[ home | contact | archive | 2001: jan feb mar apr may jun jul aug sep oct nov dec ]

Cardhouse
macros2000.com
phoneswarm.com

1990 1 2 3 4 5 6 7 8 9
2000 1 2 3 4 5 6 7 8 9

party poker

2001jun04. I’m desperate to take home one good thing about calling tire places all day and getting a massive tire-induced headache, and I think I’ve finally found it. It’s “cool” to be able to cut to the chase with a tire representative. I know, it’s not much. But to go from this: “Uhhhh, I’m looking for some tires???” to this: “Get me out the door with four Pirelli P400’s P175 70 R13” is something, I guess. [screws up eyes] “Look I talk in tire code Der HAW!” God what a nightmare tire buying is.
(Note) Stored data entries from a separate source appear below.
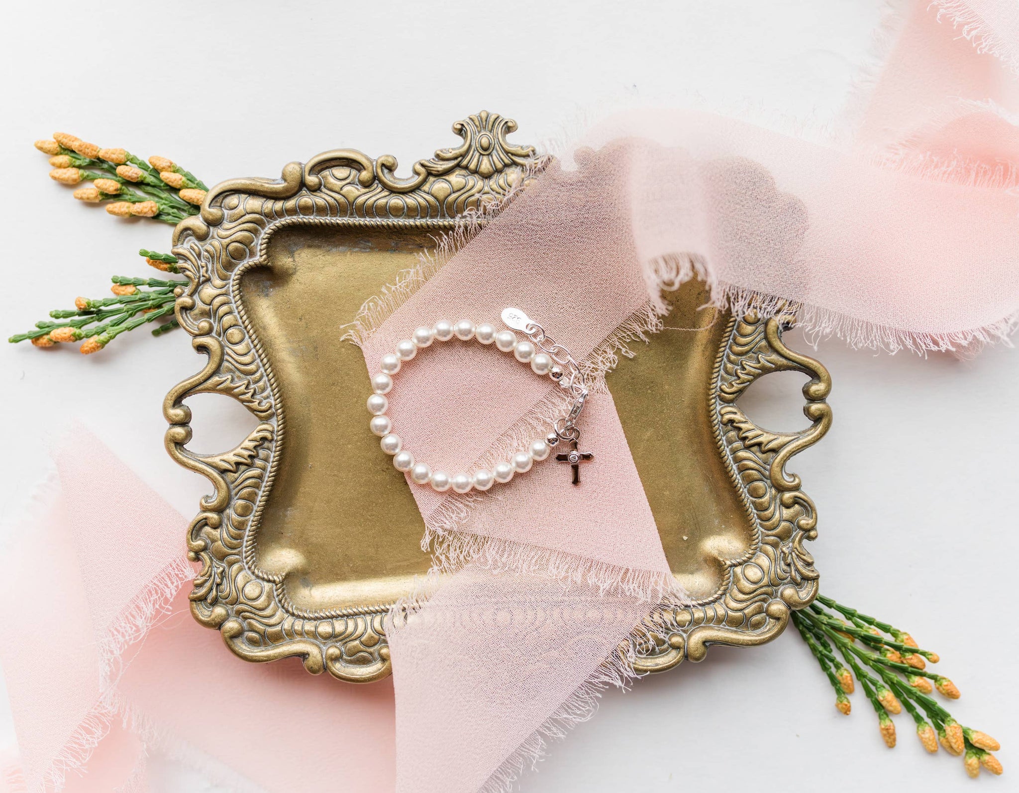 From our "Blessed Baby" Collection, this precious baptism, christening, or dedication bracelet is designed with .925 sterling silver and high-end Austrian simulated pearls and accented with a sweet dainty sterling silver cross charm (0-12 months adjustable). Each bracelet has an extension chain, as the child grows just move to the next link for a perfect fit. Celebrate these cherished moments with this keepsake she will treasure forever! Bracelet measures 4 - 4.5 inches and comes packaged with special inspirational poem and gift box.
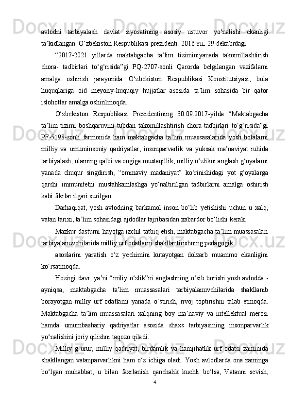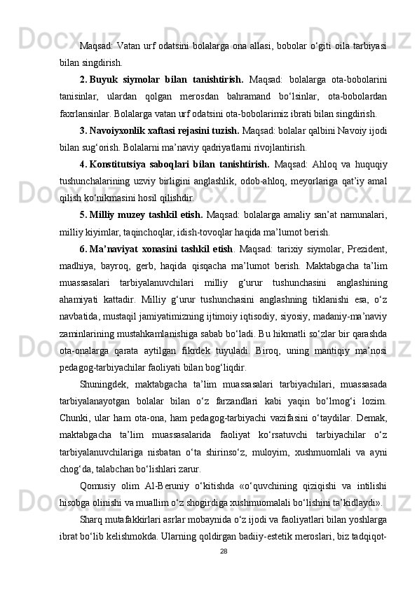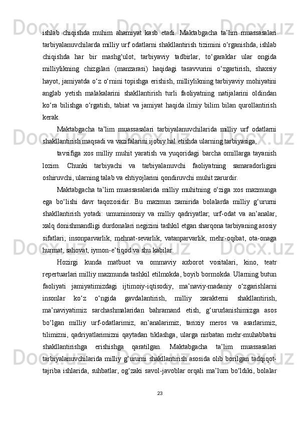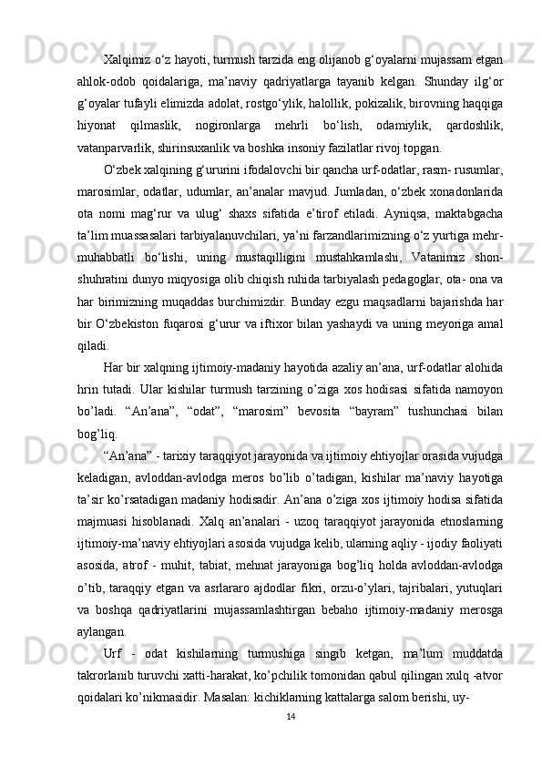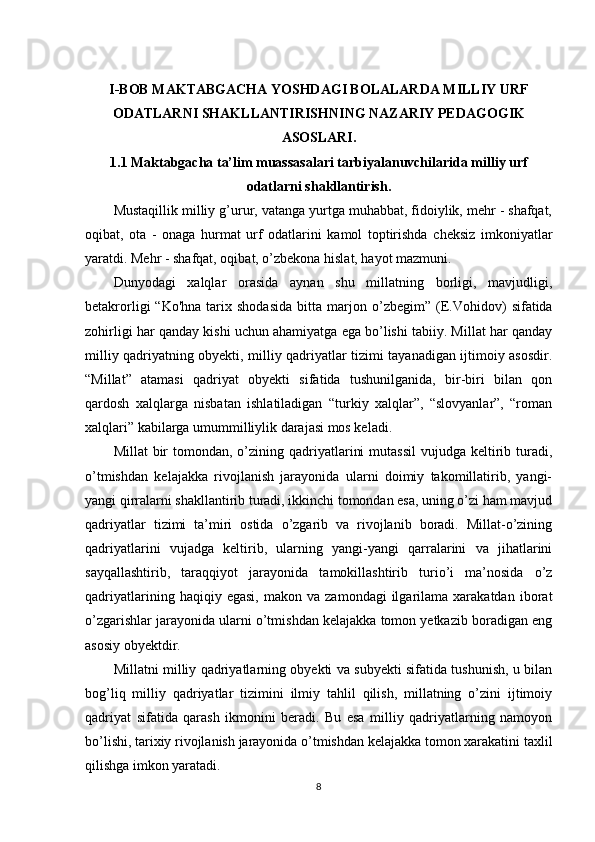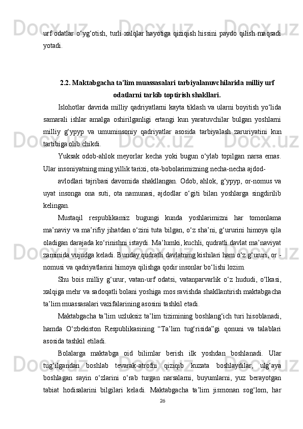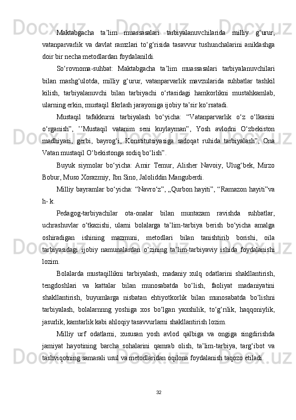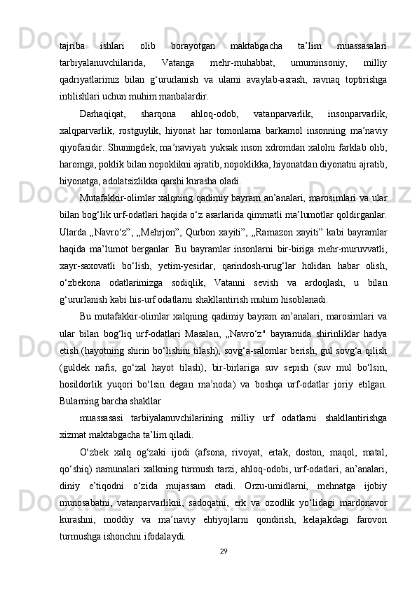Maktabgacha ta’lim yoshidagi bolalar shaxsini barkamol qilib tarbiyalashda milliy urf odatlardan foydalanish
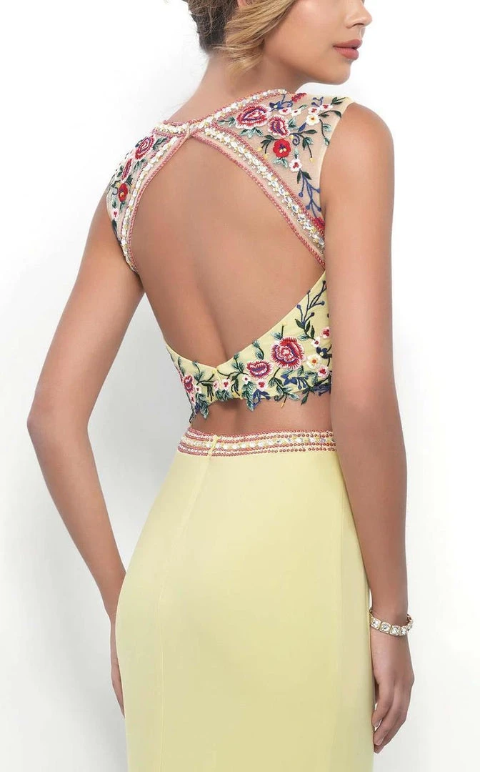Light up the room every single time you walk in in this floral embroidered masterpiece by Blush 11283. The fitted bodice features a jewel illusion over a sweetheart neckline, cap sleeves and a diamond cutout open back. Embellished with floral accents on the shoulders and crystal-lined seam line embellishments, a brilliant display of floral embroidery adorns and trims its cropped top. The sleek skirt, crowned with an embellished waist and draping, reveals a side slit accent as it pools on a sweep of train. Exude a lavish yet feminine appeal with this Blush creation.
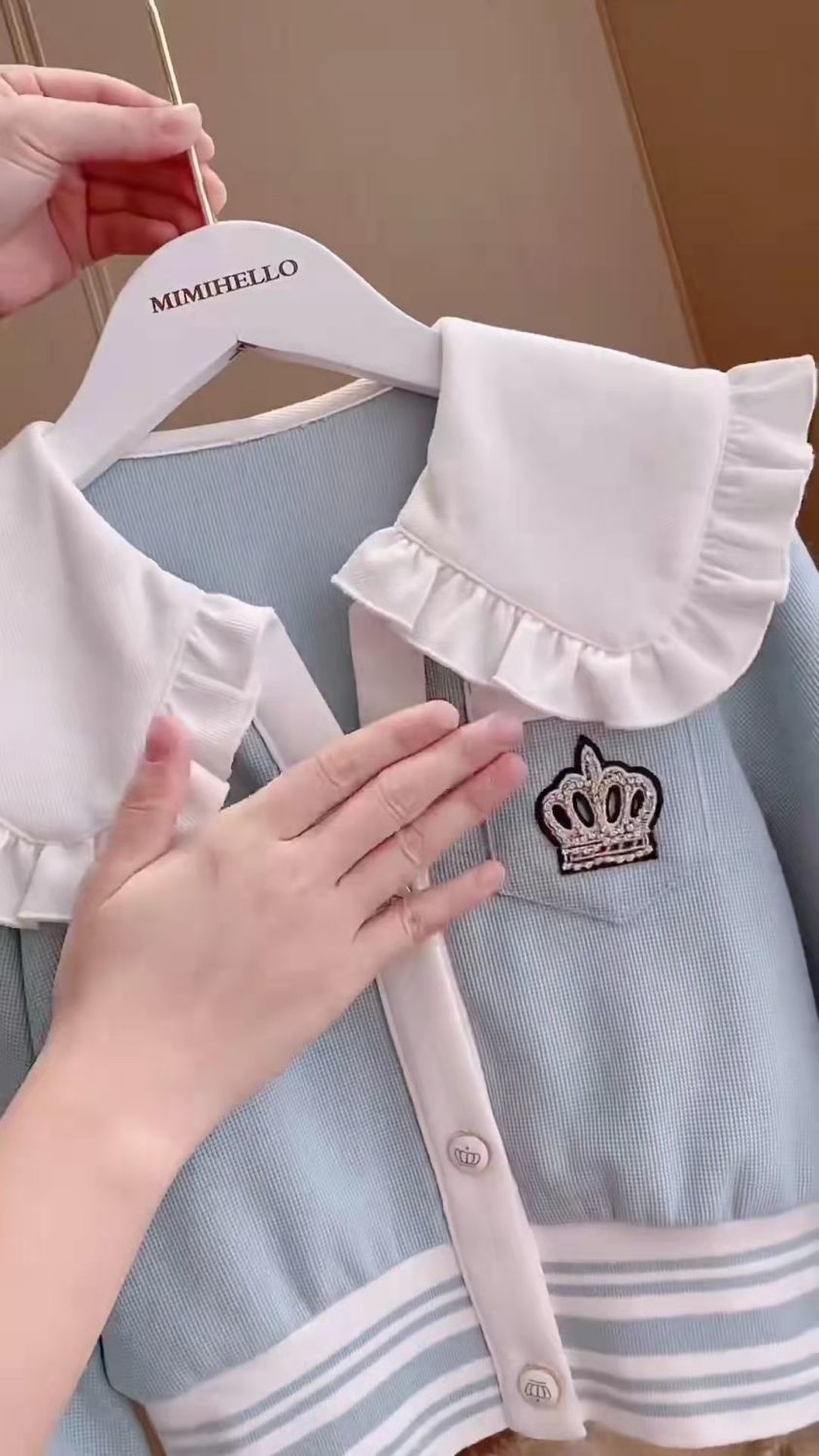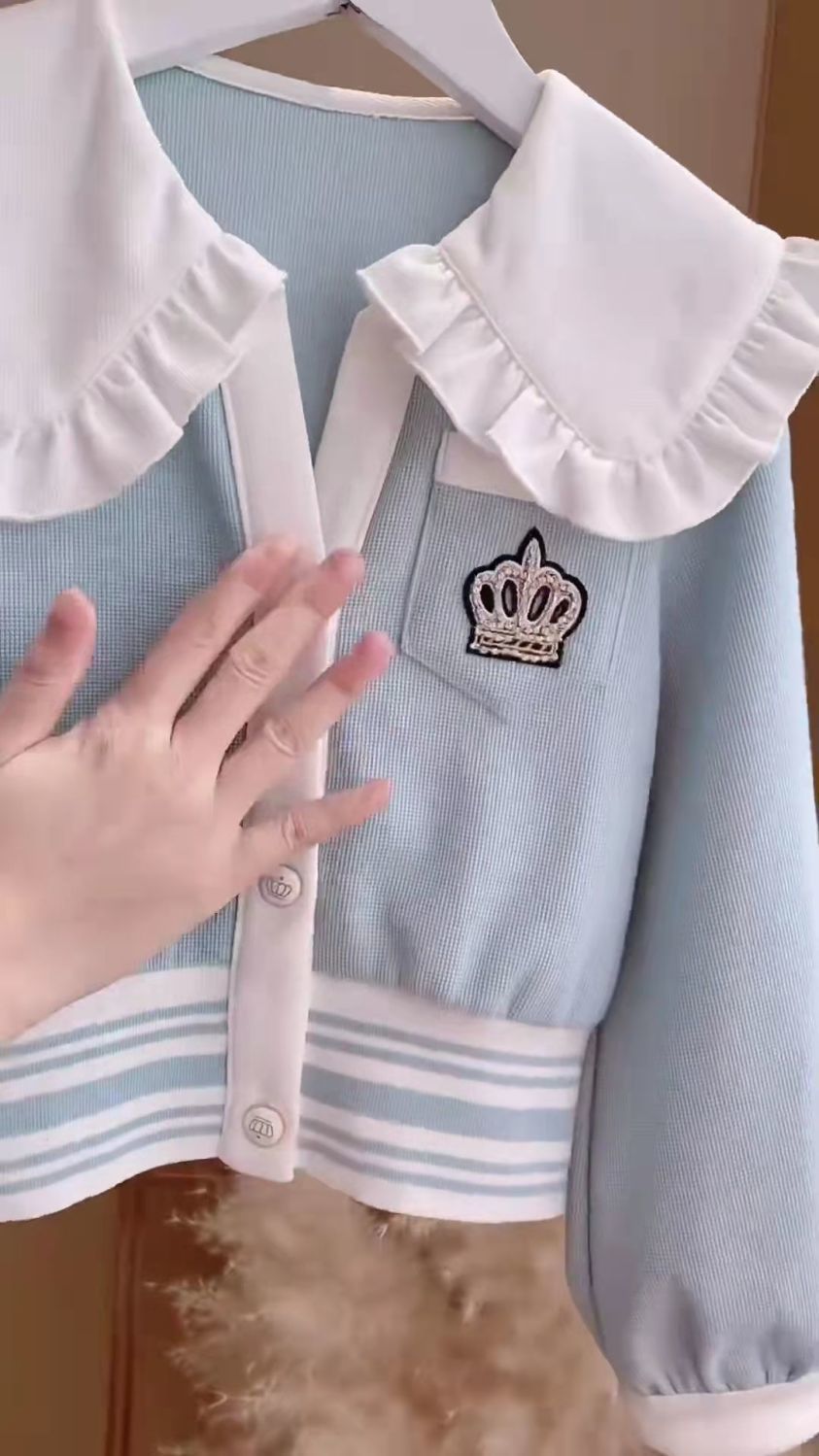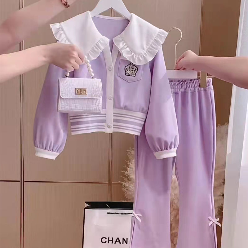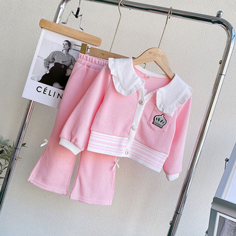Весенняя домашняя одежда для девочек, новая детская одежда, пальто с воротником для кукол + брюки, комплекты из двух предметов, модные спортивные костюмы для девочек для От 3 до 14 лет
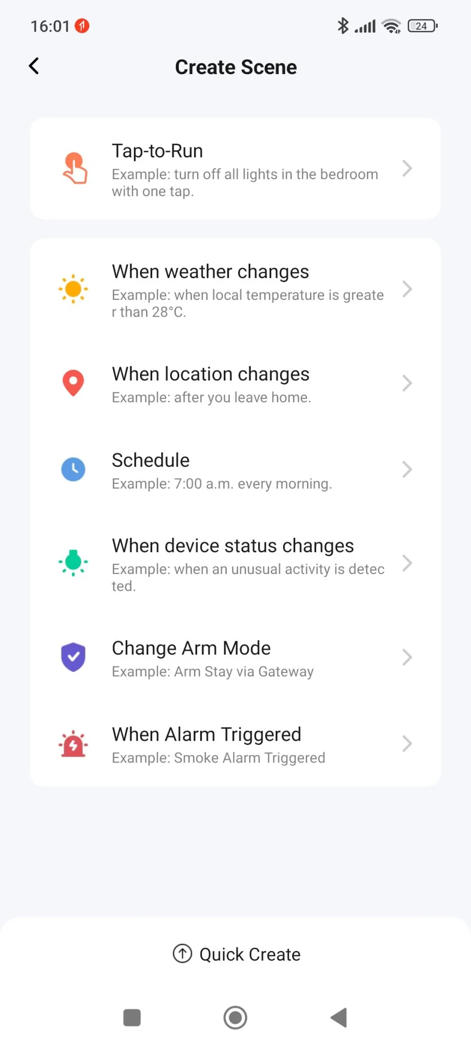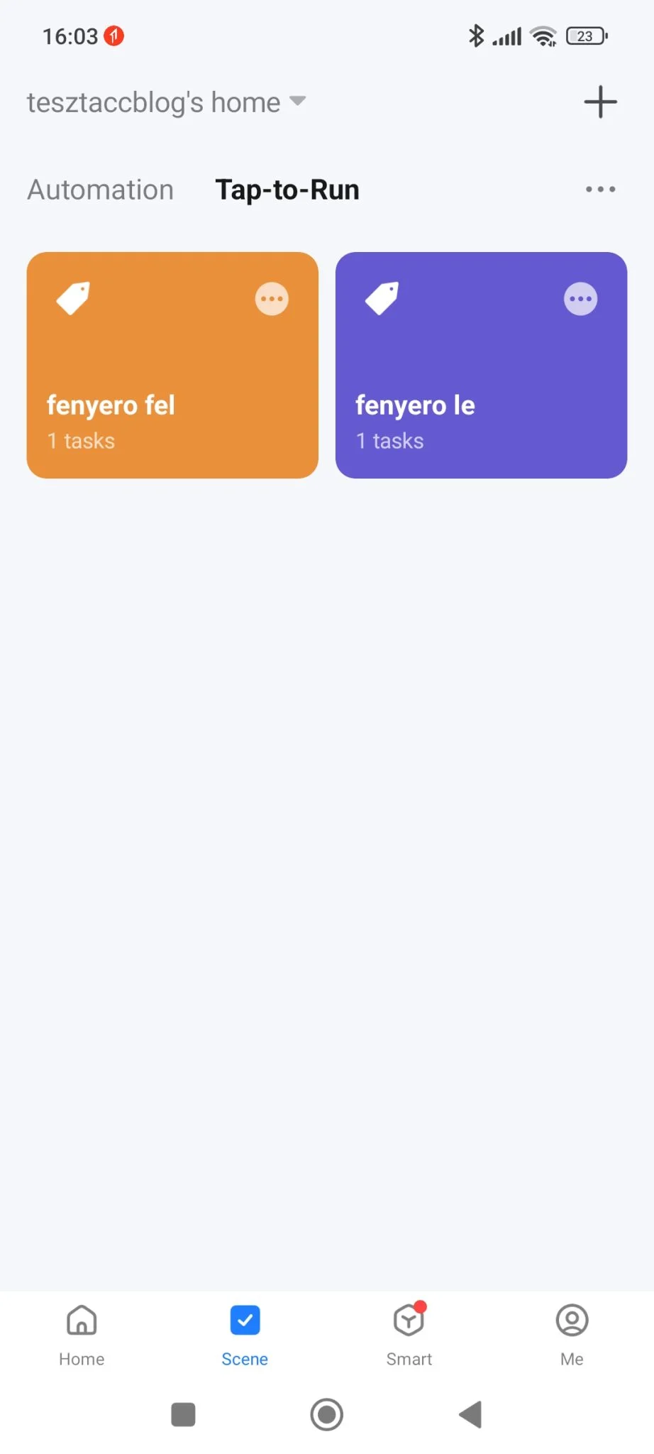 Van továbbá a „Tap to run” opció, amikor az appban lévő gomb megérintésére az eszközön valamilyen paraméter módosítás történik.

You start out thinking you’re going to cross-check every possible factor, but by the end of the day, you’d just be happy if you could get the approximate number of tires your car currently needs (4). Wear'em down with options, that’s the modern-day tire salesman’s motto. It’s like going to 31 Flavors. “Oh CHRIST, just give me the fucking fudge stripe radials already.” Your favorite tire comedian is also appearing at the Witchita Kansas Holiday Inn June 8th. Advance tickets two dollars.